COMMISSIONER INLAND REVENUE ZONE-I, REGIONAL TAX OFFICE, KARACHI VS LAKHANI SECURITIES (PVT.) LTD.
2015 P T D 401
[Sindh High Court]
Before Aqeel Ahmed Abbasi and Zafar Ahmed Rajput, JJ
COMMISSIONER INLAND REVENUE ZONE-I, REGIONAL TAX OFFICE, KARACHI
Versus
Messrs LAKHANI SECURITIES (PVT.) LTD.
I.T.R.A. No.76 of 2013, decided on 06/05/2014.
(a) Constitution of Pakistan---
----Arts. 189 & 201---Judgments of superior Courts---Applicability---In terms of Art.201 of the Constitution, subject to Art. 189 of the Constitution, decision of High Court, to the extent it decides a question of law or is based upon or enunciates a principle of law, is binding on all Courts, subordinate to it, including Tribunals and Authorities etc. performing their functions within its territorial jurisdiction.
(b) Workers' Welfare Fund Ordinance (XXXVI of 1971)---
----Ss.2 & 4 [as amended by Finance Act (III of 2006) and Finance Act (I of 2008)]---Income Tax Ordinance (XLIX of 2001), Ss.2(i)(l), 133(1) & 221(1)---Workers' Welfare Fund---Charging of such fund from net profit---Grievance of authorities was that Appellate Tribunal Inland Revenue wrongly held that Workers' Welfare Fund was not chargeable in taxpayer's case on Net Profit declared for the year in view of clause 2(i)(l) of Workers' Welfare Fund Ordinance, 1971---Validity---Order passed by Commissioner (Appeals) as well as by Appellate Tribunal Inland Revenue suffered from factual and legal error and the same were set aside---Both the forums below failed to take cognizance of amendments introduced through Finance Act, 2006 and Finance Act, 2008, respectively in Ss. 2 & 4 of Workers' Welfare Funds Ordinance, 1971---High Court declined to dilate upon merits of case while exercising reference jurisdiction in terms of S. 133 (1) of Income Tax Ordinance, 2001, as the time was restricted to the extent of deciding a question of law which could arise from the order of Appellate Tribunal---High Court remanded the matter to Appellate Tribunal Inland Revenue to decide the controversy afresh after providing opportunity of hearing to both the parties keeping in view the observations made by High Court and after taking cognizance of amendments in law of Workers' Welfare Fund Ordinance, 1971, or amendments in Income Tax Ordinance, 2001---Reference was disposed of accordingly.
Commissioner of Income Tax v.

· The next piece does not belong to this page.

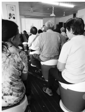
艾灸馆里坐满了听讲座的老人

本报讯 艾灸馆免费艾灸、送水送鸡蛋，心动吗？海口居民黄秀英最近很苦恼，年过六旬的母亲迷上了艾灸，每天都去艾灸馆听讲座，刚开始的时候经常带回来免费的鸡蛋、塑料盆、塑料筐、还有塑料刷子等小物件。母亲听了一段时间讲座之后，就开始跟家人要钱买保健品，还扬言“不给钱买保健品就喝老鼠药自杀。”半年时间，在该艾灸馆买了2万元保健品。最让黄秀英担心的是，母亲自从听了讲座吃了保健品，连每天必须吃的药都停了，改吃保健品。这究竟是怎么回事，近日，记者进行了走访调查。（受访者要求，文中人物全为化名。） 记者 畅凯 文/图

Messrs Kamran Model Factory 2002 PTD 14; Messrs E.P.C.T. (Pvt.) Ltd.'s case 2011 PTD 2643; Shahbaz Garments (Pvt.) Ltd. v. Pakistan PLD 2013 Sindh 449 and Messrs Mutual Funds Association of Pakistan v. Federation of Pakistan 2010 PTD 306 ref.

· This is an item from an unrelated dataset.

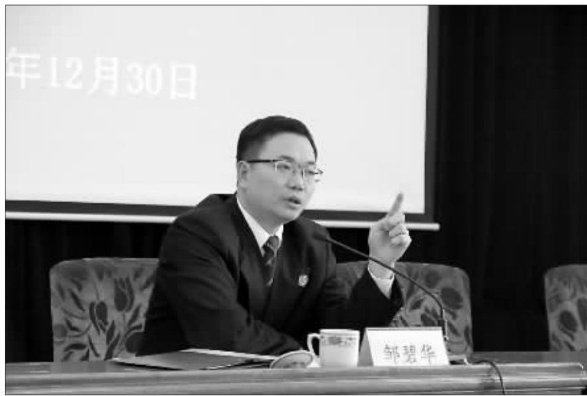
邹碧华在向全院法官讲解“要件审判九步法”。

邹碧华:总的特点可以概括为三个“基本”,三个“连接点”。三个“基本”,即以请求权和抗辩权基础作为法律适用的基本出发点,以法律规范构成要件作为审判的基本元素,以简明具体的操作步骤作为抽象审判思路的基本载体;三个“连接点”,即在程序法和实体法之间建立连接点,在纠纷事实与法律规范构成要件之间

Chaudhry Nazir Ahmad for Applicant.
Chief Executive Muhammad Yaseen Lakhani for Respondent.
Date of hearing: 16th April, 2014.
ORDER
AQEEL AHMED ABBASI, J.---Being aggrieved and dissatisfied with the order of the Appellate Tribunal Inland Revenue of Pakistan, Karachi, in I.T.A No.111/KB-2012 (Tax Year-2009) and I.T.A No.69/KB-2012 (Tax Year-2009) dated 10-12-2012 the applicant i.e. the Commissioner Inland Revenue, Zone-I, RTO. Karachi filed application under section 133(1) of the Income Tax Ordinance, 2001, has proposed the following questions to be answered by this Court:--
(1)Whether on the facts and circumstances of the case, the learned ATIR was justified in holding that Workers Welfare Fund is not chargeable in taxpayer's case?
(2)Whether on the facts and circumstances of the case, the learned ATIR, was justified in holding that WWF is not chargeable on Net Profit declared for the year in view of the clause 2(i)(1) of the Workers Welfare Fund Ordinance, 1971?
(3)Whether on the facts and circumstances of case the learned ATIR was justified in holding that WWF is to be charged (if applicable) after adjusted Brought Forward losses in view of the clause 2(i)(1) of the Workers Welfare Fund Ordinance, 1971?
2.The brief facts as stated in the statement of facts by the applicant are that respondent is a Private Limited Company and engaged in the business of Stock Brokerage House, who filed its Return of Income for the tax year under consideration by declaring Net Profit at Rs.4.962,467. The respondent was liable to pay WWF @ 2% at the time of filing Return, which the respondent failed to do so. Where-after the Assessing Officer issued show-cause notice dated 29-11-2010 to the respondent in the following terms:--
"Examination of your tax record shows that you are an "Industrial Establishment" as defined in section 2(f) of Workers Welfare Fund Ordinance, 1971. You have filed return of income for the tax year 2009 declaring income of Rs.4,962,467. Assessment was deemed to have been finalized under section 120 of the Income Tax Ordinance, 2001.
The perusal of your return reveals the following discrepancy:
You were liable to pay WWF amounting to Rs.99,249 being @ 2% of the declared income of Rs.4,962,467. But you failed to discharge the liability at the time of filing of return.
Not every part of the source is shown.